NEW YORK -- In the latest effort by a federal regulator to force the mortgage industry to stop treating desperate homeowners like vagrants looking for a handout, the Consumer Financial Protection Bureau on Friday proposed new standards meant to force loan servicers to mend their ways.
"The inadequate performance of many mortgage servicers has helped widen the misery for many Americans," said Richard Cordray, director of the consumer agency, in remarks to reporters announcing the proposed rules. The rules will take effect next year after a public comment period. "Right now, people have too little protection under federal law if their mortgage servicer surprises them with costly fees or gives them the runaround."
Under the proposed rules, banks and other financial institutions that manage home loans -- the servicers -- must provide "direct, ongoing access" to staff members to help borrowers fighting to save their homes from foreclosure. Servicers must also halt foreclosure proceedings while borrowers apply for a loan modification and tell homeowners in danger of foreclosure about their options.
If enforced, the regulations would go a long way to resolving widespread abuses in the mortgage servicing industry. Borrowers seeking loan modifications, for example, often complain of a process that often feels like an existential nightmare: an endless cycle of lost paperwork, missed phone calls and conversations with low-level bank employees with no power to make deals. Judges have sanctioned servicers for charging unnecessary fees and for imposing expensive, insurance policies.

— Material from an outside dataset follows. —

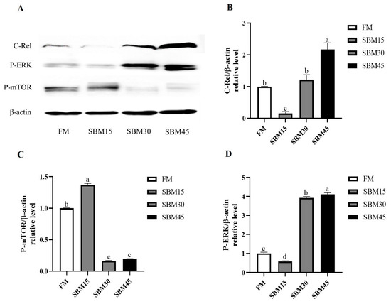 Upon comparison with the FM treatment, the protein level of Recombinant Human C-REL (C-Rel) exhibited a notable boost in the SBM45 treatment (p < 0.05), whereas a significant decrease was observed in the SBM15 treatment (p < 0.05) (Figure 2A,B). Similarly, when assessed against the FM treatment, the SBM30 and SBM45 treatments displayed a significant elevation in the phosphorylation level of extracellular-regulated protein kinases (ERKs) (p < 0.05), whereas the SBM15 treatment showed a marked decrease in the same parameter (p < 0.05) (Figure 2A,D). Furthermore, the Mammalian Target of Rapamycin (mTOR) phosphorylation levels in the SBM30 and SBM45 treatments exhibited a marked decrease, significantly lower than those observed in the FM treatment (p < 0.05) (Figure 2A,C). However, in contrast to the FM treatment, the mTOR phosphorylation level in the SBM15 treatment showed a significant elevation (p < 0.05).
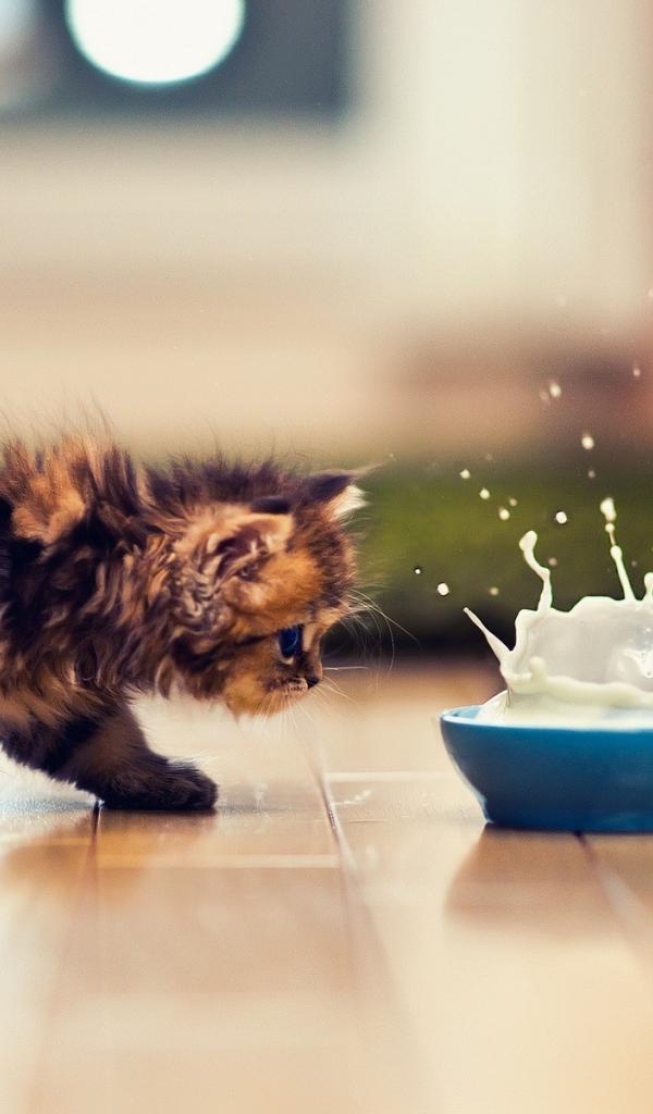 Wallpaper Kitten and splashes of milk

But there is reason to question whether servicers would follow the new rules, and whether regulators would enforce them. The mortgage industry has made promises before -- in deals reached with the Office of the Comptroller of the Currency and other federal agencies last year and as a condition of the $25 billion settlement with 49 states and the federal government six months ago.
The first set of new servicing standards were mostly ignored by the industry, housing advocates said. Early returns on compliance with the attorneys general settlement are not encouraging, they added.
"We're not seeing any changes in servicer behavior," Megan Faux, director of the foreclosure prevention project at South Brooklyn Legal Services, a legal aid firm that represents poor people confronting foreclosure in New York City recently told The Huffington Post. "We're still seeing huge delays, improper denials of modification, very few principal reductions. None of their practices are really changing."
The banks have until early October to fully comply with the attorneys general settlement, or face fines of $1 million per violation.
It is too early to predict how the CFPB might enforce its proposed rules. It is a new agency, so there is little precedent to gauge how effectively it might police the mortgage servicers. A senior agency official on Thursday declined to answer a question about enforcement, saying it was too early to discuss.
Though many of the new rules proposed by the consumer bureau mirror the attorneys general settlement, others stake out new ground. For instance, servicers would be required to give borrowers accurate and current account information and to quickly correct errors.
This might seem like kindergarten-level stuff for sophisticated financial institutions. But homeowners, lawyers and judges have accused banks of profiting off of delinquent borrowers by improperly applying charges in a way that keeps homeowners in a so-called rolling default, which leads to more late charges and sometimes foreclosure.
There are other important differences. The consumer bureau's regulations would cover a much greater swath of servicers than the mortgage settlement, which affects just the biggest banks: Bank of America, JPMorgan Chase, Citigroup, Wells Fargo and Ally Financial. The rules also wouldn't come with an expiration date, whereas the mortgage settlement expires in 2-1/2 years.